Глеб не любил мелкотравчатых мещанских разговоров. Она ждала упрёков, насмешки, но он неожиданно задумчиво произнёс:
— Ты знаешь, а Зинаида Савельевна в чем-то права. Действительно, иным лавры достаются слишком легко. Да, миллионы телевизоров, транзисторов, магнитофонов и из пигмея делают великана! Угадай, кого я сейчас вспомнил?
Лена знала, что не угадает, потому что не умела даже приблизительно проследить за ходом его мысли.
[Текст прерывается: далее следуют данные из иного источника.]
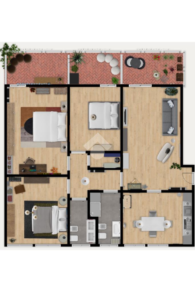 La zona notte è ben separata e offre tre camere da letto di dimensioni molto comode, un elemento ormai raro nelle abitazioni più recenti. La camera matrimoniale principale dispone dell’accesso diretto al terrazzo, mentre la cameretta gode anch’essa dell’uscita sul terrazzo.

Она отрицательно покачала головой.
— Островского… Я имею в виду — драматурга, — сказал Глеб. — Талантище, конечно, огромный! Вклад его в русскую литературу не оценить. А он признался как-то, что тридцать лет работает для русской сцены, написал более сорока пьес, давно уже не проходит ни одного дня, чтобы в нескольких театрах России не шли его пьесы, которые дали сборов только в императорских театрах более двух миллионов рублей, а он не может позволить себе отдохнуть хотя бы один месяц в году! Представляешь?